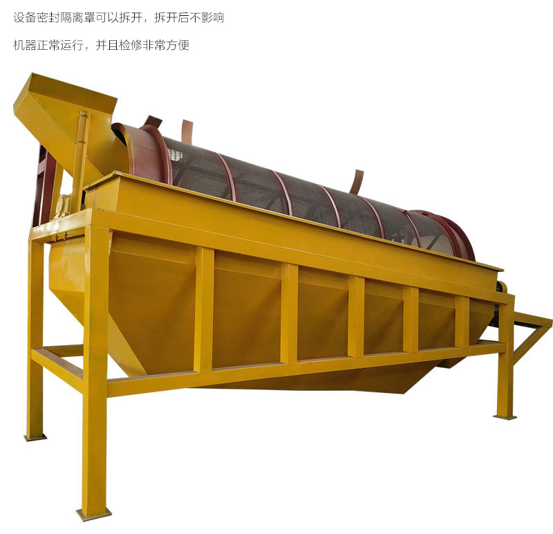 主體結構是篩分筒,它是由若干個圓形狀篩網組成,整體與地平面成傾斜狀態,外部被密封隔離罩所密封,以防止污染環境。電動機經減速器與滾筒裝置通過聯軸器連接在一起,驅動滾筒裝置繞其軸線轉動,物料自上而下通過篩分筒分離,細料從篩分筒前端下部排出,粗料從篩分筒下端尾部排出。
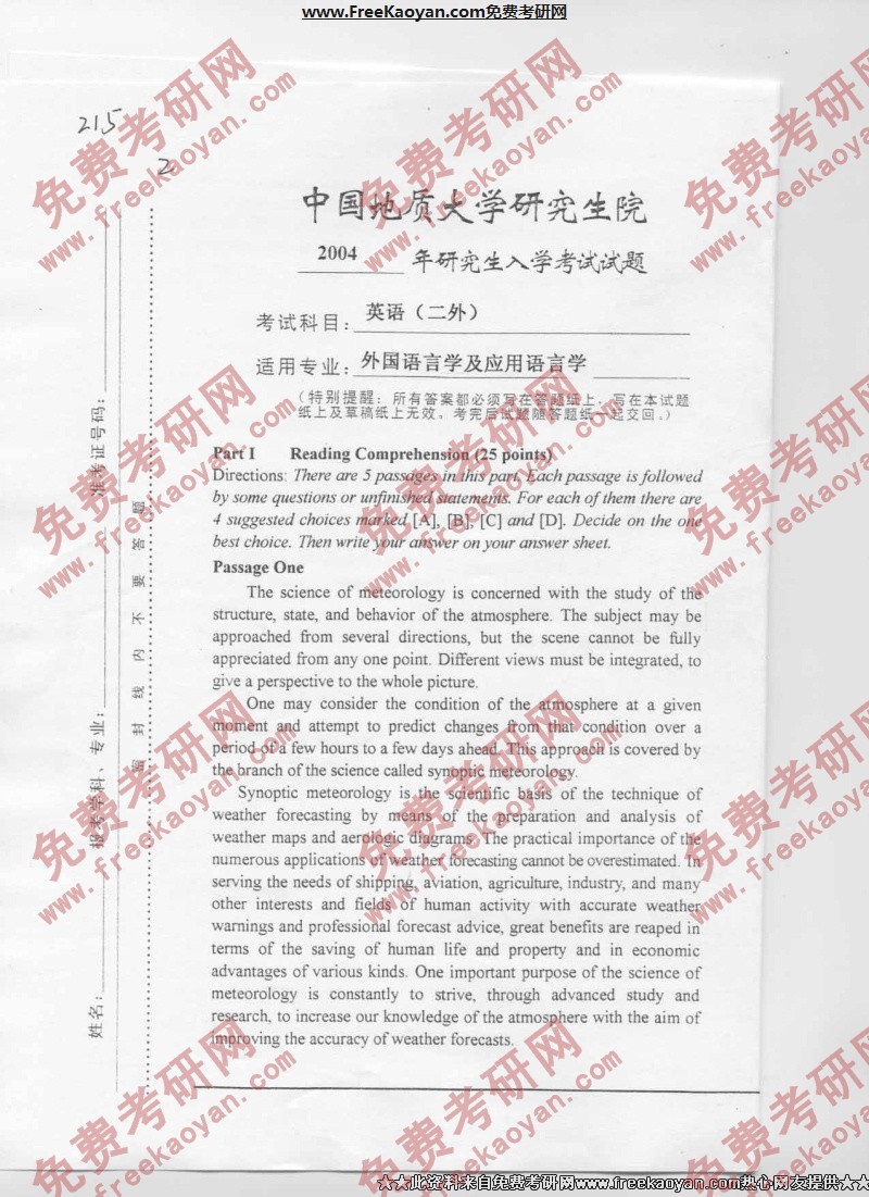 中国地质大学(武汉)2004年考研真题-英语(二外)
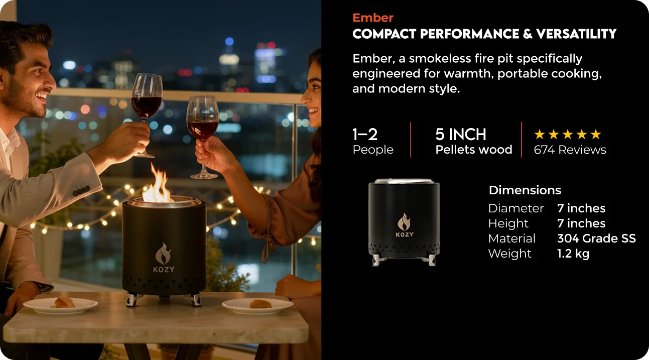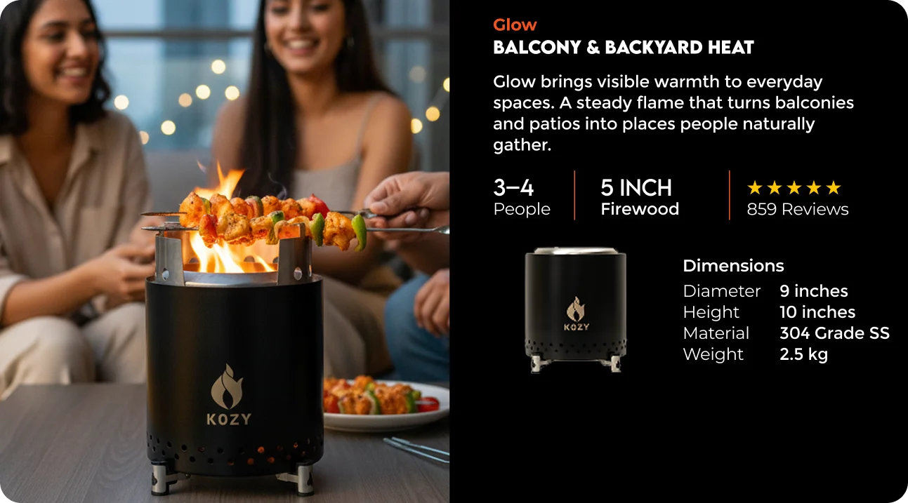KOZY is designed to give you real wood fire without the usual hassle. No messy setup. No constant adjusting. Just clean, steady flames you can enjoy for warmth, cooking, and slow outdoor moments.
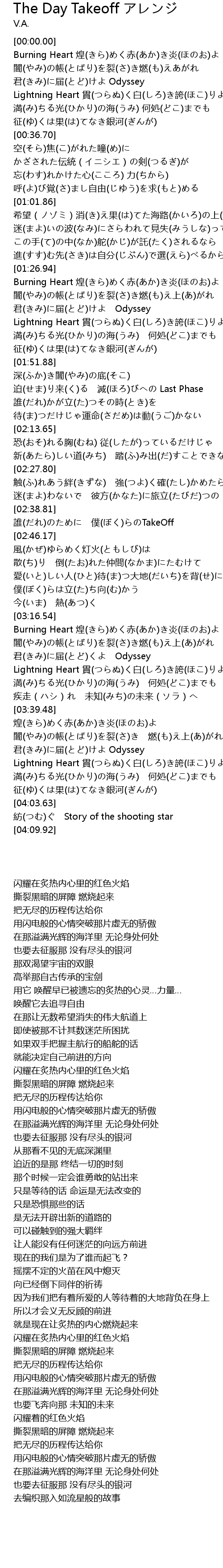 | [03:41.94] | 闇(やみ)の帳(とばり)を裂(さ)き 燃(も)え上(あ)がれ |
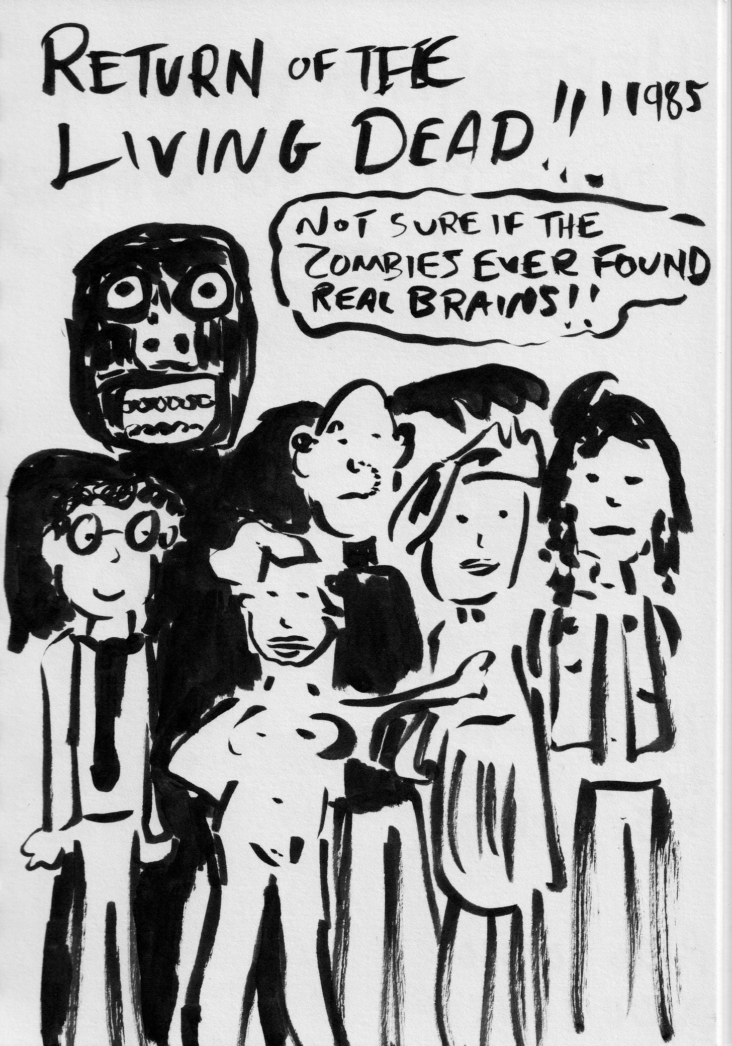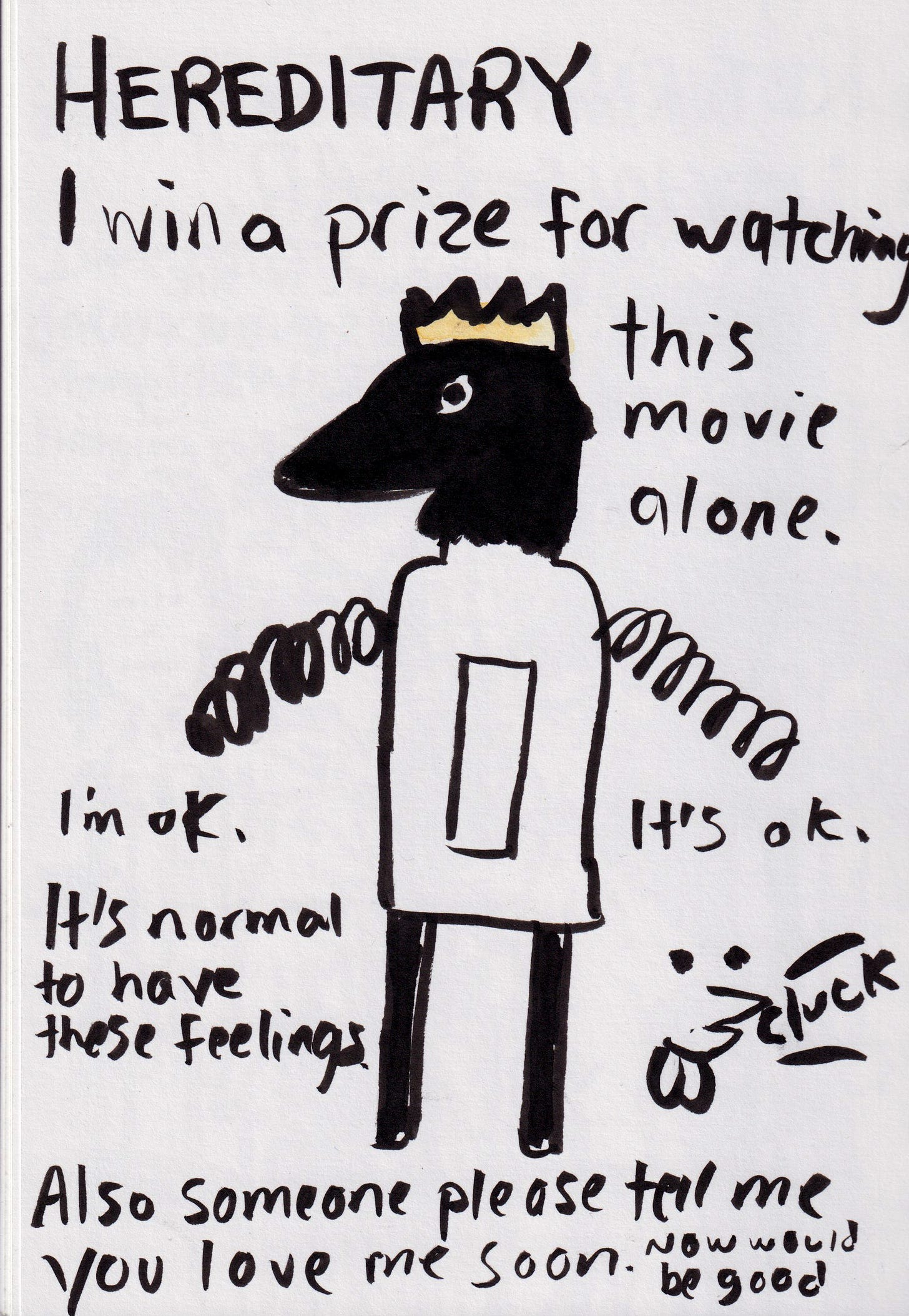 Posting these dumb drawings has made something awesome happen - folks have been telling me about movies they like and I watch them and then do dumb drawings of those. Here are those movies, plus a few more that I chose.
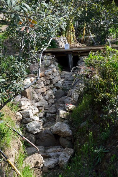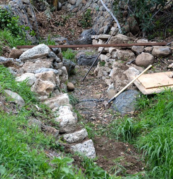 Picture 6 – Pete has begun work using the salvaged concrete from the house to shore up the lower part of the western gully. The piece of wood across the gully is close to where a new bridge is to go.
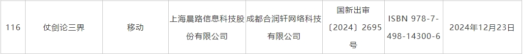 On 24 December, the State Press and Publication Administration (SPPA) officially released information on the approval of domestically produced ISBNs for the month of December 2024, with a total of 122 games receiving ISBNs, including UNI-STAR's The Swordsman of Time and Space and Battling Swords in the Three Realms.
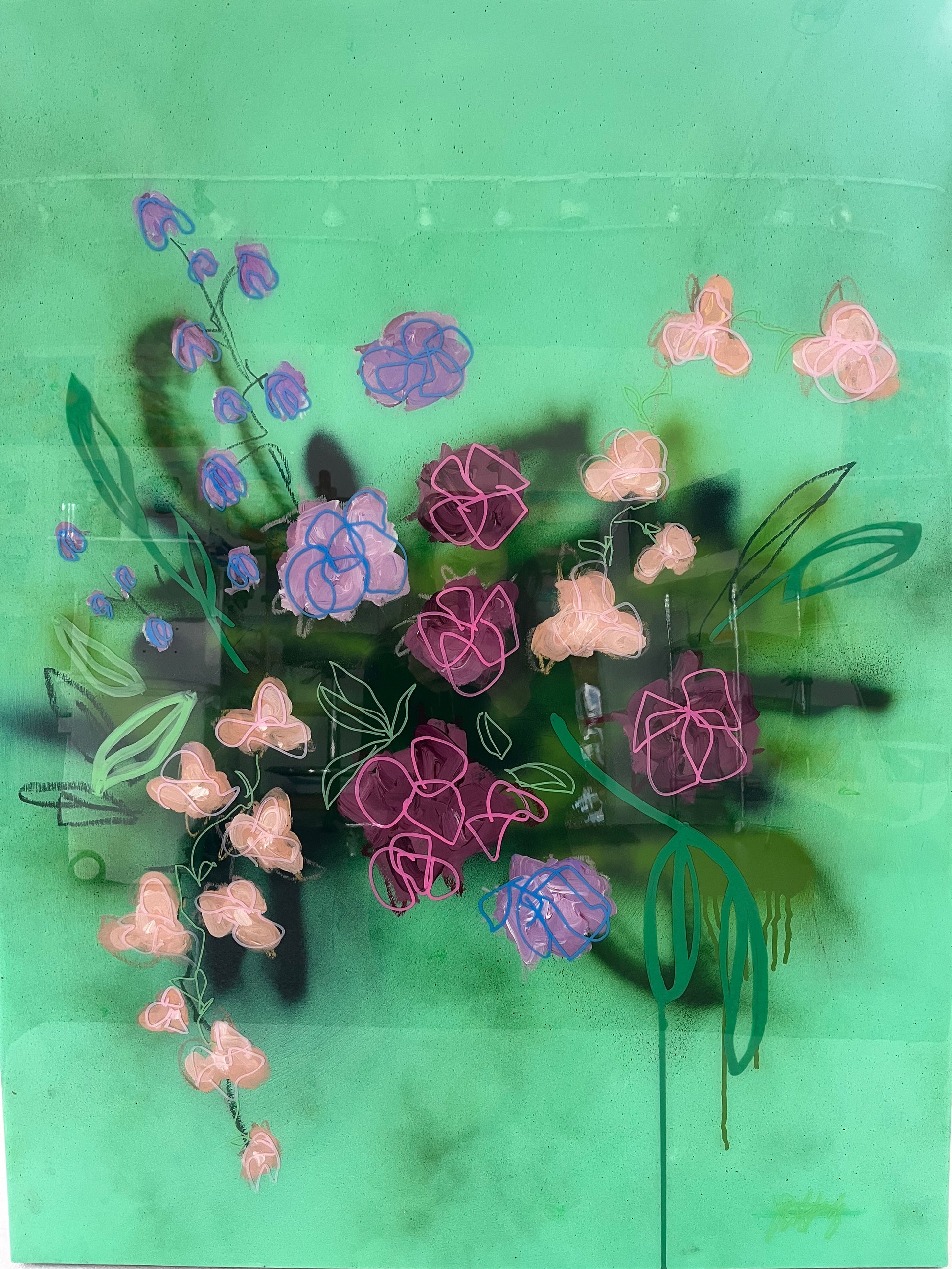 Using spray paint and resin as her primary mediums, the result is a highly seductive, incredibly luxe, deeply contemplative work that evolves the more you look at it. With up to 15 layers in each piece, the depth and dimension of the work mimics that of the many facets of our lives. Beautiful, dark, moody, bright, electric, messy, and vibrant - all represented throughout her work.

##########

### [WORK TO COMPLETE]
Everything between and including the line above containing "KOZY is designed" and the line containing "On 24 December, the" should be reproduced exactly, with pictures excluded.

### [TASK RESULT]
KOZY is designed to give you real wood fire without the usual hassle. No messy setup. No constant adjusting. Just clean, steady flames you can enjoy for warmth, cooking, and slow outdoor moments.
 | [03:41.94] | 闇(やみ)の帳(とばり)を裂(さ)き 燃(も)え上(あ)がれ |
 Posting these dumb drawings has made something awesome happen - folks have been telling me about movies they like and I watch them and then do dumb drawings of those. Here are those movies, plus a few more that I chose.
 Picture 6 – Pete has begun work using the salvaged concrete from the house to shore up the lower part of the western gully. The piece of wood across the gully is close to where a new bridge is to go.
 On 24 December, the State Press and Publication Administration (SPPA) officially released information on the approval of domestically produced ISBNs for the month of December 2024, with a total of 122 games receiving ISBNs, including UNI-STAR's The Swordsman of Time and Space and Battling Swords in the Three Realms.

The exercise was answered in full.